Chapter 3. Politics of Web Caching

Chapter 3. Politics of Web Caching

In this chapter, we will explore some important and difficult-to-solve issues that surround web caching. The issues pertain to many aspects of caching but are primarily targeted at those of us who operate a caching proxy. For example, as an administrator, you have access to information that, if made available to others, can seriously violate the privacy of your users. If your users cannot trust you to protect their privacy, they will not want to use your cache. Hopefully, both you and your users will perceive the cache as something that protects, rather than violates , their privacy.

A particularly thorny issue with web caching involves the rights of content providers to control the copying and distribution of their works. Some people argue that existing copyright laws cannot be applied to the Internet, but most people look for ways to coerce the two together. By some interpretations, web caches are in gross violation of copyright laws. Various rulings by U.S. courts ^[1] seem to support this view, although none of them specifically address web caching. Similar issues surround so-called offensive material and the liability of system operators whose facilities are used for its transmission.

^[1] I'll talk only about U.S. laws here, but other countries ' laws are equally vague on the subject of caching.

Other issues explored here include dynamic pages, content integrity, and cache busting. When properly generated by origin servers, dynamic pages do not present any problems for web caches. Unfortunately, the problem of ensuring content integrity is not as easy to dismiss.

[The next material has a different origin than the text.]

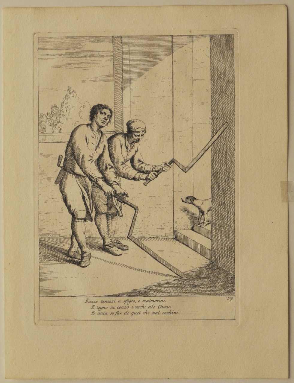 Acquaforte e bulino di mm 261 x 182. II/VI. Vergata veneziana tre lune, filigrana tre lune. Perfetta condizione."Fazzo terazzi a sfogio, e malmorini E tegno in conzo i vechi ale Casae E anca so far de quei che val cechini". A destra in basso numero 53. Proveniente da "Le Arti che vanno per via nella Città di Venezia inventate ed incise da Gaetano Zompini. Aggiuntavi una memoria di detto autore" Venezia 1785. Magnifica incisione in acquaforte e bulino della serie delle "Arti che van per via" di Zompini, stampata in una rarissima prima edizione coeva nel 1753, ed in questo secondo stato nel 1785 dal residente britannico John Strange. Venne ripubblicato in Inghilterra altre quattro volte. Da una lettera di John Strange si viene a sapere che la tiratura della presente edizione era di cento o duecento copie. Dario Succi "Da Carlevarijs a Tiepolo, Incisori veneti e friulani del settecento" pag. 454. "Gaetano Zompini nacque in Narvesa, nel Territorio Trivigiano, il 29 settembre 1698; ed inclinando da fanciullo alla Pittura, fu mandato a Venezia nella Scuola del Cavalier Bambini in que' tempi riputatissimo. Apprese dal suddetto oltre li principi del buon dissegno, anche in gran parte il suo modo di dipingere, ed uscito poi di detta Scuola si diede anche ad imitare la aniera di Sebastiano Ricci, allora dal medesimo introdotta ed assai stimata.Inventò pure e disegnò perilsig. Zattastampatore in Venezia buona parte delle Figure per le Edizioni del Dante e del Petrarca da lui stampata. Questo degno Pittore visse però quasi sempre povero, avendo numerosa Famiglia. Conoscendo per altro il di lui merito il fu Sig. Antonio Maria Zanetti, lo tirò appresso di sé, impiegandolo in vari lavori, ed in particolare in vari disegni, e lavorò in gran parte sopra alcuni rami tratti da' disegni di Gio. Benedetto Castiglione, posseduti dal detto Signore, e che avea già incominciato ad incidere; e per far la raccolta più numerosa, inventò, disegnò, ed incise egli stesso alcuni di detti Rami sul gusto affatto dell'Autore, e toccati con spirito. Non avendo poi esso Sig. Zanetti di che ordinargli di più, s'immaginarono di dare alle stampe una Raccolta delle Arti di Venezia, che vanno per via. Si accinse dunque lo Zompini al lavoro, ed inventò, disegnò, ed incise Rami num.60 rappresentanti l'Arti suddette, e sotto la direzione dello stesso sig. Zanetti, ed a imitazione poi delle Arti di Bologna similmente inventate ed incise dal celebre Annibale Carracci. A quest'opera fatta all'acqua forte, della quale alcune copie furono anche miniate, aggiunse sotto ogni rame alcuni versi il Dottor Questini Prete di Santa Maria Mater Domini, amico tanto dello Zompini, che del Zanetti. Pochi anni dopo mancò di vita il sig. Zanetti, il quale però per ilmerito dello Zompini, gli lasciò una picciola mensuale provigione sua vita durante. Dopo questa disgrazia ne successe allo Zompini un'altra peggiore, incominciandosi ad indebolire la vista; cosicchè alla fine la perdette affatto, e strascinandosi in tal modo fra le miserie e la vecchiaia, mancò di vivere il 20 Maggio 1778 nell'avanzata età di 76 anni."

Without a general-purpose digital signature framework, web users are forced to trust that they receive the correct content from both proxy and origin servers.

Something that makes caching politically interesting is the fact that many different organizations are involved in even the simplest web transactions. At one end is the user , and at the other is a content provider. In between are various types of Internet service providers. Not surprisingly, different organizations have different goals, which may conflict with one another. Some users prefer to be anonymous, but some content providers want to collect a lot of personal information about their customers or visitors . Some ISPs want to sell more bandwidth, and others want to minimize their bandwidth costs.

In a sense, these differences can lead to an "arms race." Content providers decide their pages should not be cached, so they add some headers to prevent it. Users and administrators get upset and configure their caches to store the pages anyway. Next, the content providers discover their pages are being cached anyway, so they take further, more extreme steps to prevent caching, and so on. A similar battle exists regarding the information sent in user requests . Some HTTP headers can reveal personal information or allow individuals to be tracked as they navigate within and between sites. If users filter these headers out or alter their values, some sites refuse the requests. Each side, it seems, wants to exercise some control over the information in web requests and responses. Who will win? My fear is that the commerce-driven content providers are already winning.